**PROBLEM REQUIREMENTS:**
Indicate how many lines in the listing below contain the word "image". No other output is permitted.

SOURCE DATA START

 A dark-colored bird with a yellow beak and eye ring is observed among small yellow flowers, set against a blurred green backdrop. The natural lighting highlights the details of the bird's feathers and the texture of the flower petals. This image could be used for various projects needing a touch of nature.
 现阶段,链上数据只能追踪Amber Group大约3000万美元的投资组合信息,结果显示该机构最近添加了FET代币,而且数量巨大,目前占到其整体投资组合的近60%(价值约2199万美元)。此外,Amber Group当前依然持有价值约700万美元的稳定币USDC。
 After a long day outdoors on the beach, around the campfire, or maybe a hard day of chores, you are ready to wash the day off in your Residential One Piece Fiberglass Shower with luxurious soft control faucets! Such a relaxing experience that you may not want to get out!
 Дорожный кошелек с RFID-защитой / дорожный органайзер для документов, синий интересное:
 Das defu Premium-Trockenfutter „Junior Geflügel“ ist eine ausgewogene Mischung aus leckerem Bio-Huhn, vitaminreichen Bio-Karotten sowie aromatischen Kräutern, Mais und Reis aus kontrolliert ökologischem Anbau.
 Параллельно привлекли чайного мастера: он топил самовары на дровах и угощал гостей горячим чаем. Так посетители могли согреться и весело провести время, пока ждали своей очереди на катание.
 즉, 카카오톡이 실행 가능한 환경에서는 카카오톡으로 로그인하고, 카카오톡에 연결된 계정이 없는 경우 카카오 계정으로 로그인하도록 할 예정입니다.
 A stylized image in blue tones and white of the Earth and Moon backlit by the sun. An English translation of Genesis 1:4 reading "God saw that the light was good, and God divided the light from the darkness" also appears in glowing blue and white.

SOURCE DATA END
SOURCE DATA START

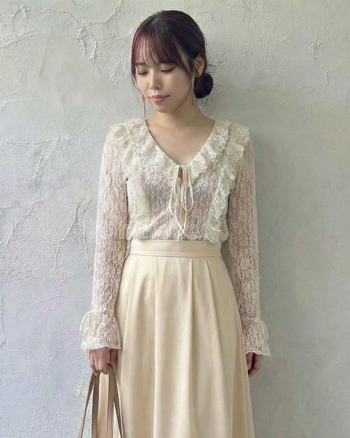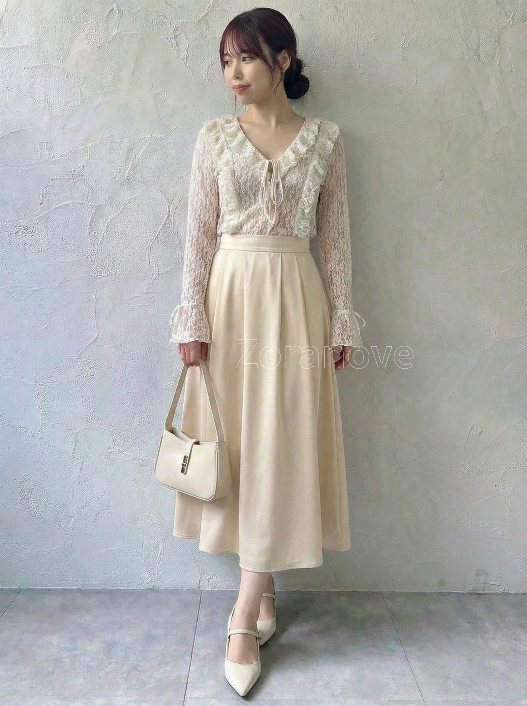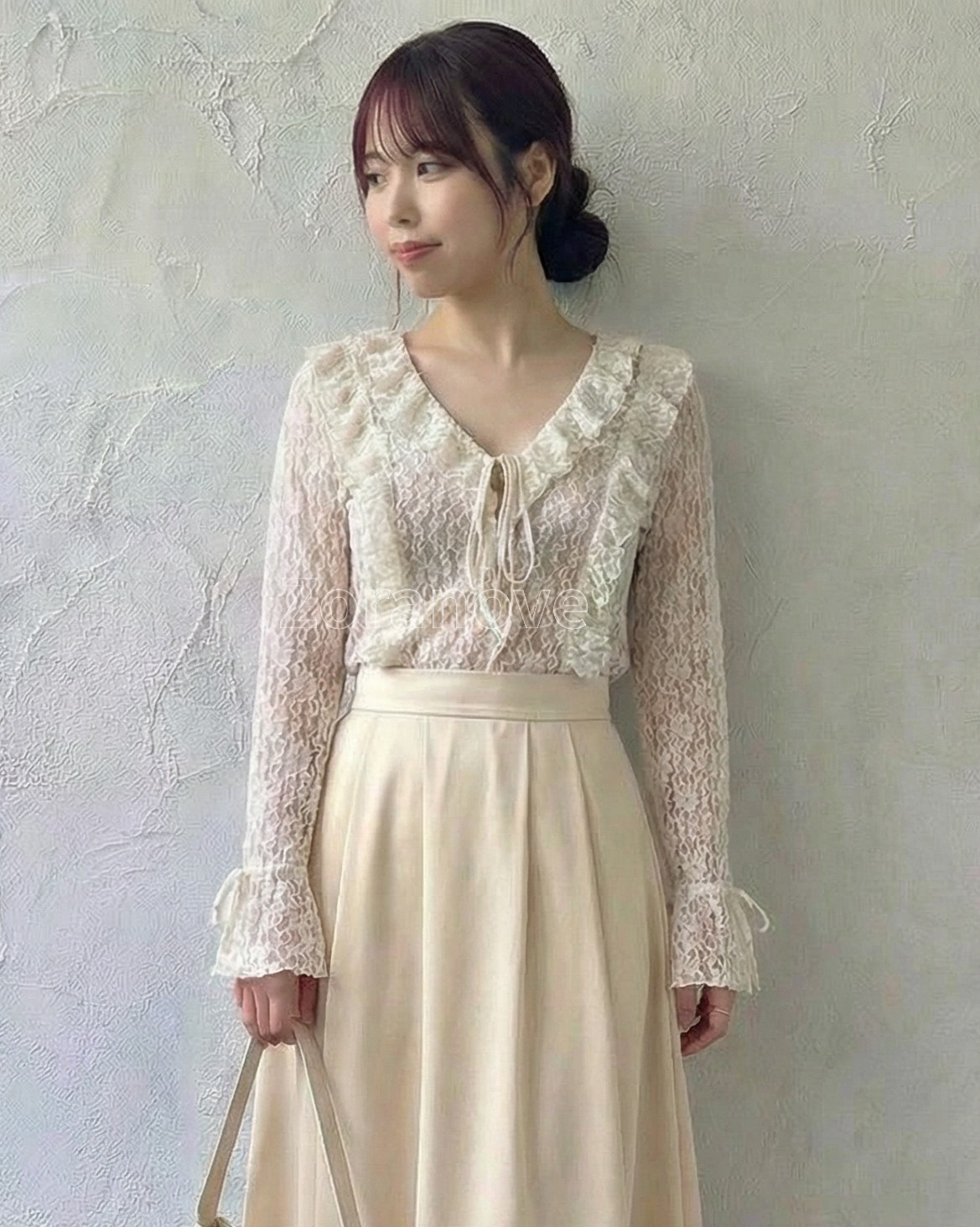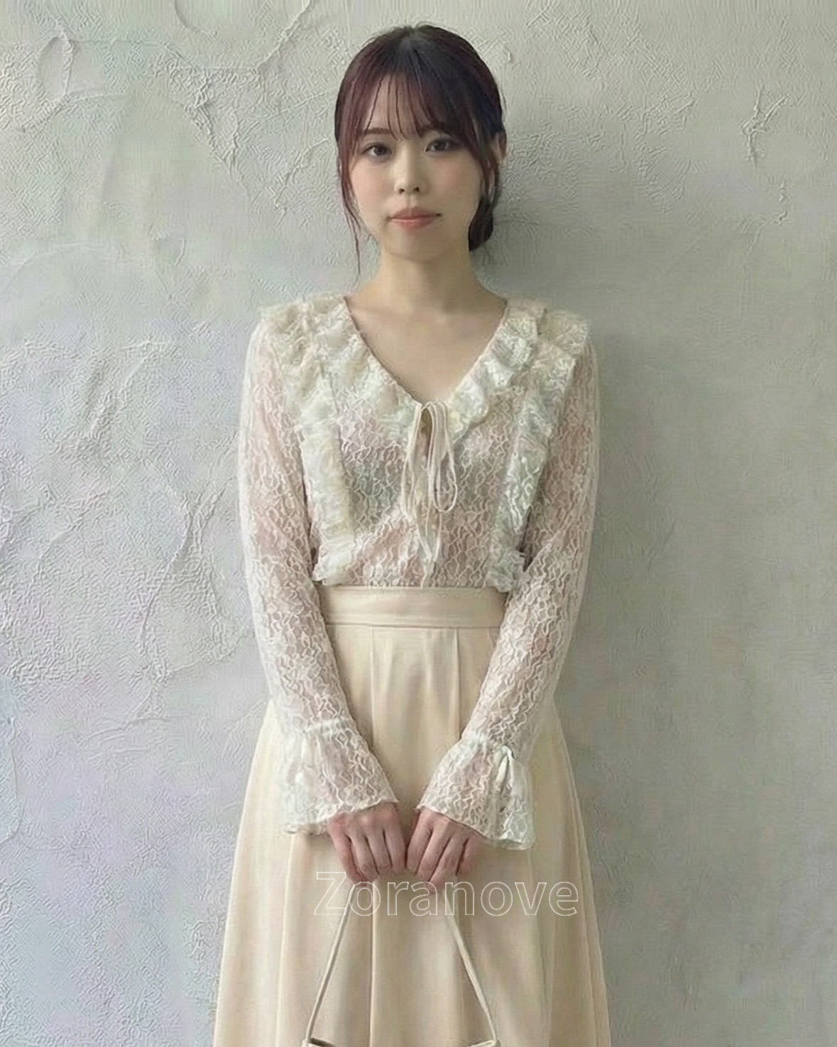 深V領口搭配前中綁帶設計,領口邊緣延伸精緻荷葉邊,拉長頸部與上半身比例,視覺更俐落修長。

SOURCE DATA END

**SOLUTION FOR THIS TASK:**
2